» Your task
When you reach the line below that has "De zeer ruime", start returning lines exactly, and stop after the line that has "家を建てる前に、正確な位置や高さを出すためのとても重要な工程です。"; skip the pictures.

» Input for this task
[Start of section]

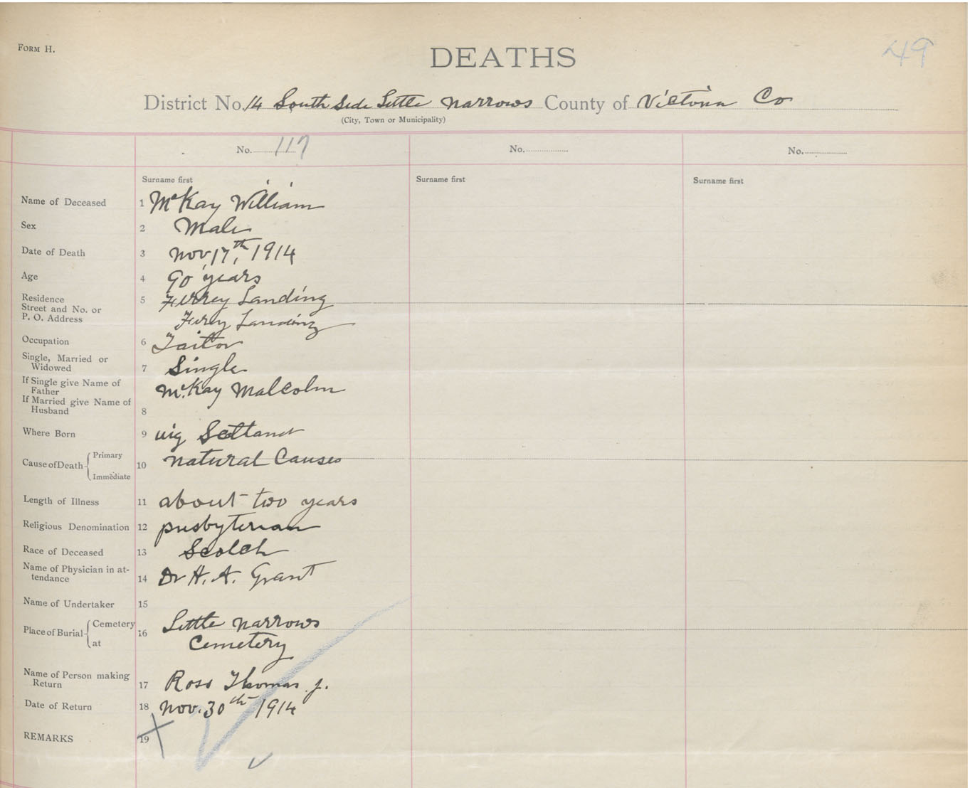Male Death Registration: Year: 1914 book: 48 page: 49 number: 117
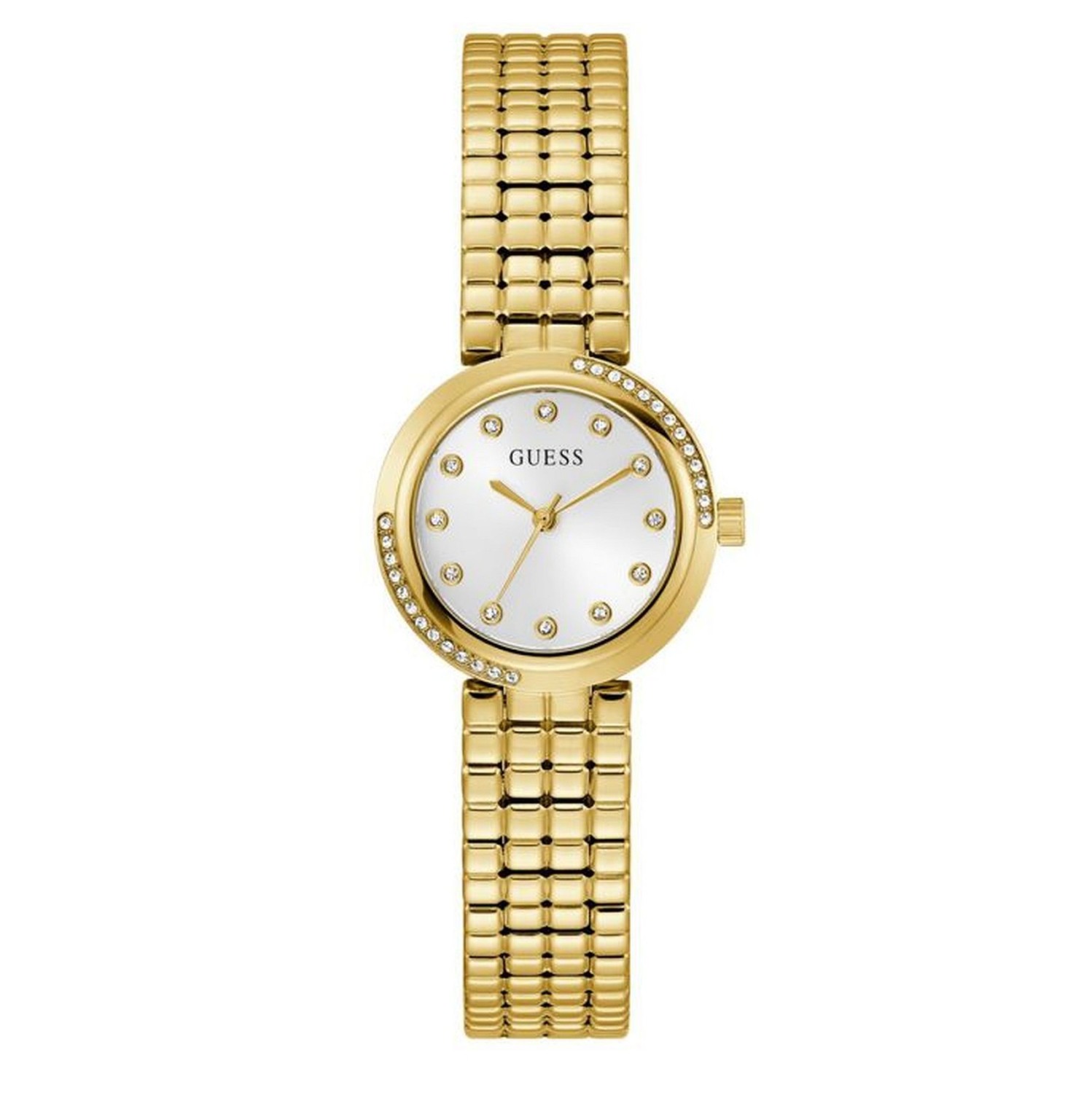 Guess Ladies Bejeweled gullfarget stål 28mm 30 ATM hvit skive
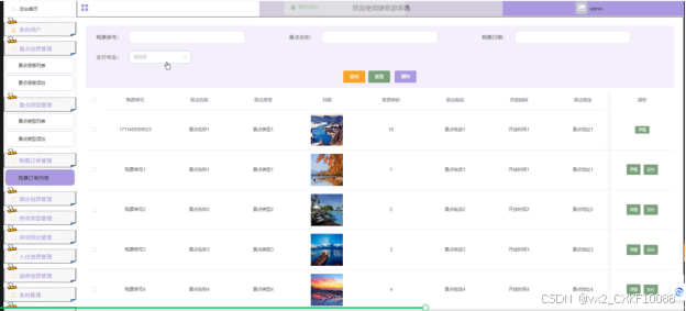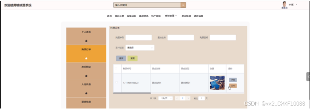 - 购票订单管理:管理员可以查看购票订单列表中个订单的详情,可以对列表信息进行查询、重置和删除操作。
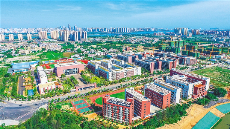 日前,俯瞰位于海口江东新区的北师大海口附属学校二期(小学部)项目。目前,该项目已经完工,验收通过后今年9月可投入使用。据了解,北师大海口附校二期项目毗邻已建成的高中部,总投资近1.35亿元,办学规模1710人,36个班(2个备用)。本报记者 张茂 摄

[End of section]
[Start of section]

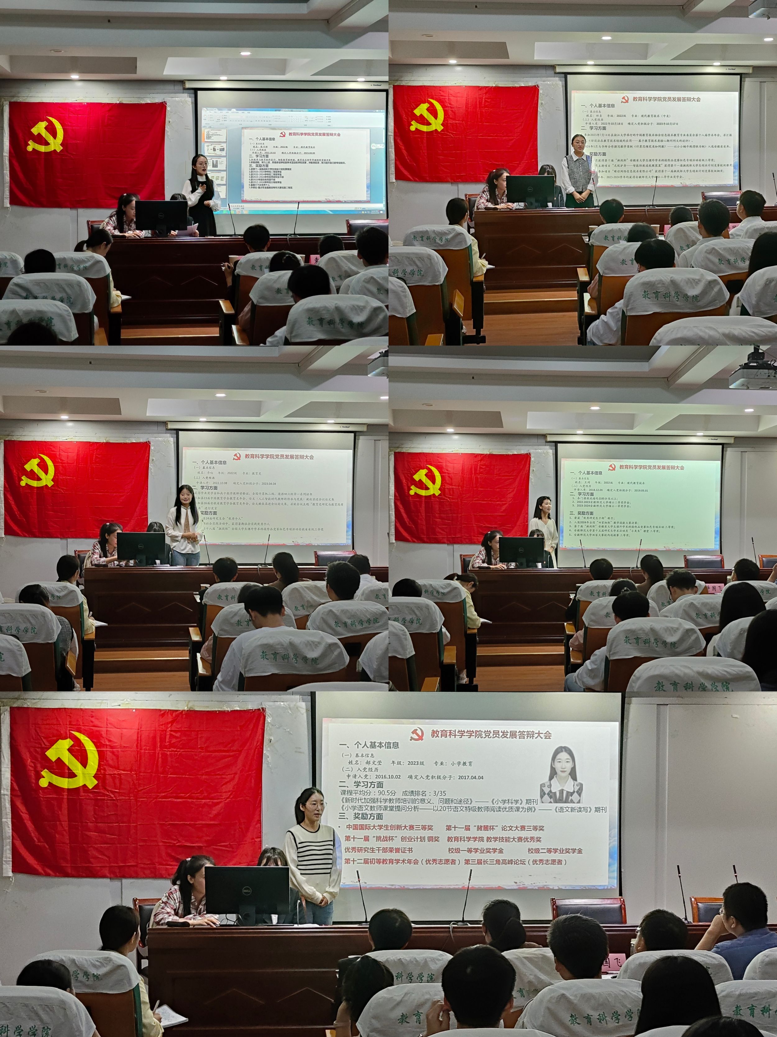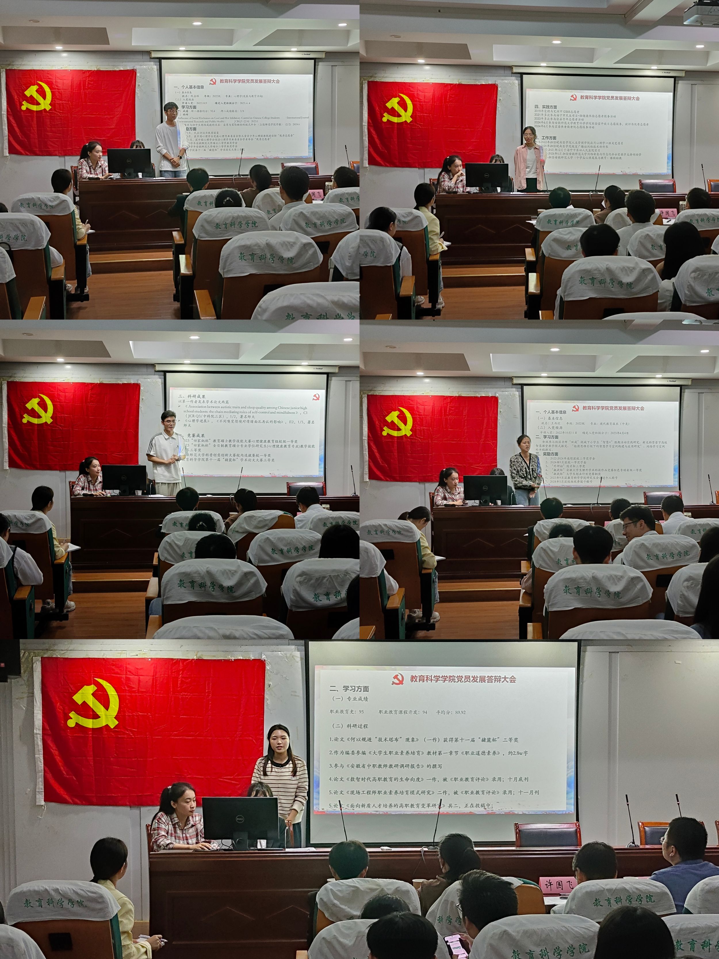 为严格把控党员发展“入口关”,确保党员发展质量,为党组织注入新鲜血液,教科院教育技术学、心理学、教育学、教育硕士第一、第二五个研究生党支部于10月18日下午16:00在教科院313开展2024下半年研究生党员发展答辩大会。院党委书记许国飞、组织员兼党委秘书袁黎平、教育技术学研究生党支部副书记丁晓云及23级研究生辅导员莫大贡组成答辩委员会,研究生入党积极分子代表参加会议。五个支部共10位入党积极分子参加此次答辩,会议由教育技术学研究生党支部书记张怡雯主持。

[End of section]
[Start of section]

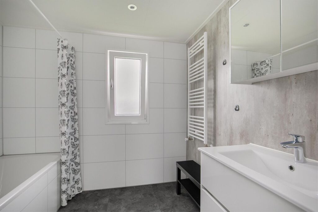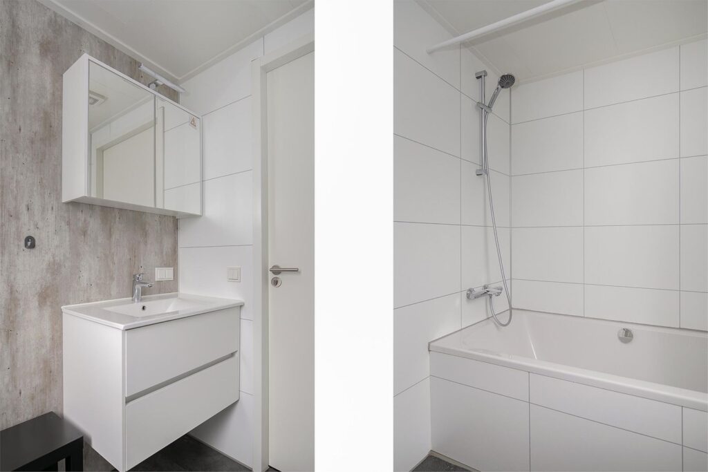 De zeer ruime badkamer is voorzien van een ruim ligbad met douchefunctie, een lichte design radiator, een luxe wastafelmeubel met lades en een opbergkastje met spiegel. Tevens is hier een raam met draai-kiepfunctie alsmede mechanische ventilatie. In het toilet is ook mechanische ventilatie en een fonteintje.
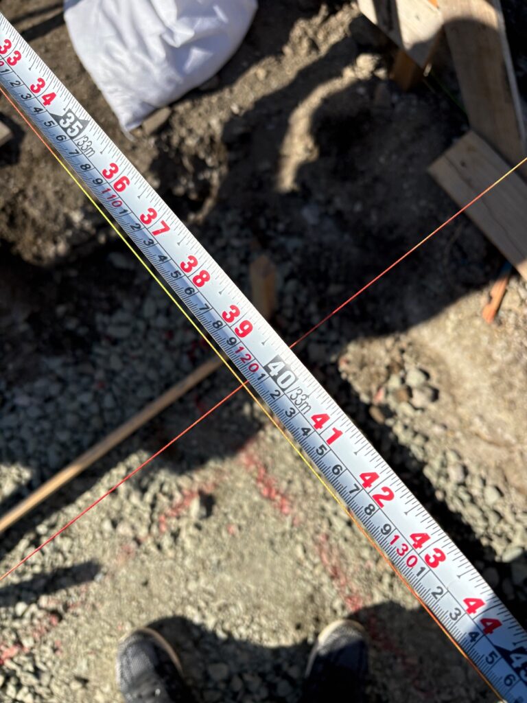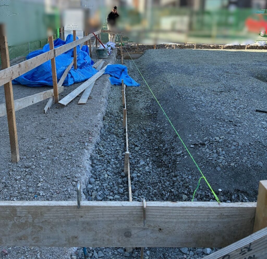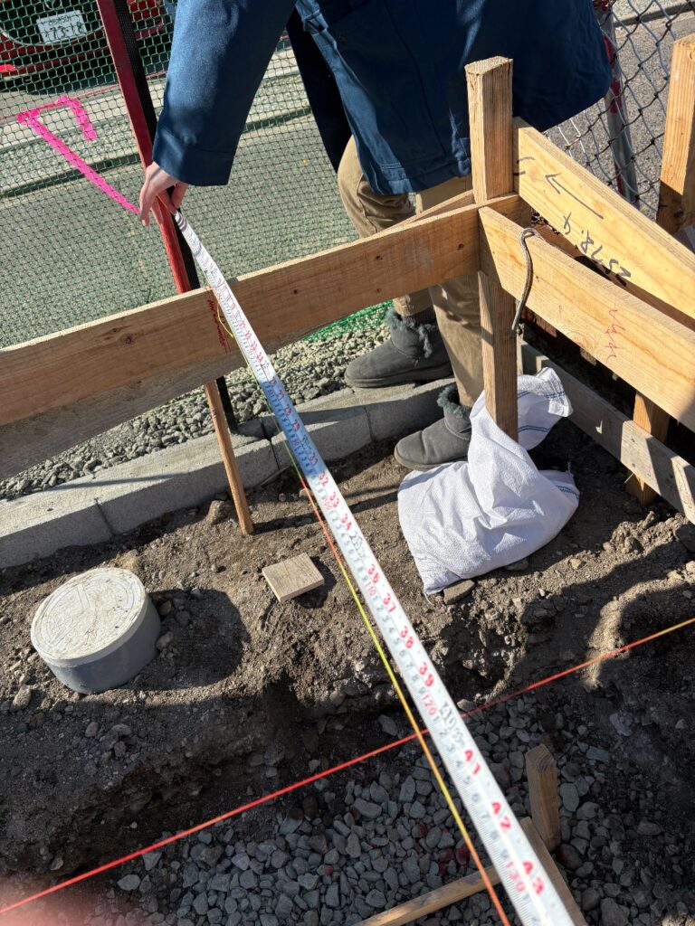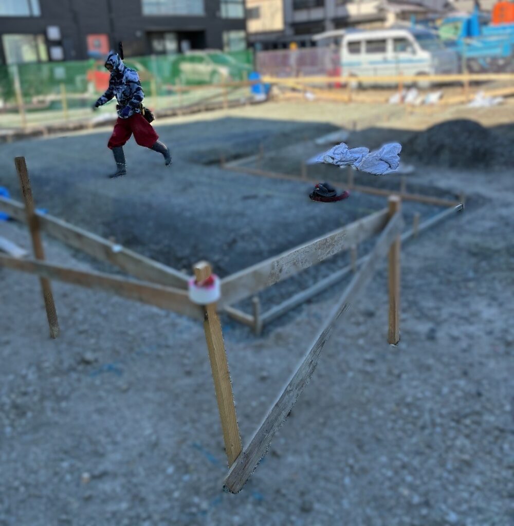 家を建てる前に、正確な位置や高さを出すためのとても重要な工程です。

[End of section]

» Response
 De zeer ruime badkamer is voorzien van een ruim ligbad met douchefunctie, een lichte design radiator, een luxe wastafelmeubel met lades en een opbergkastje met spiegel. Tevens is hier een raam met draai-kiepfunctie alsmede mechanische ventilatie. In het toilet is ook mechanische ventilatie en een fonteintje.
 家を建てる前に、正確な位置や高さを出すためのとても重要な工程です。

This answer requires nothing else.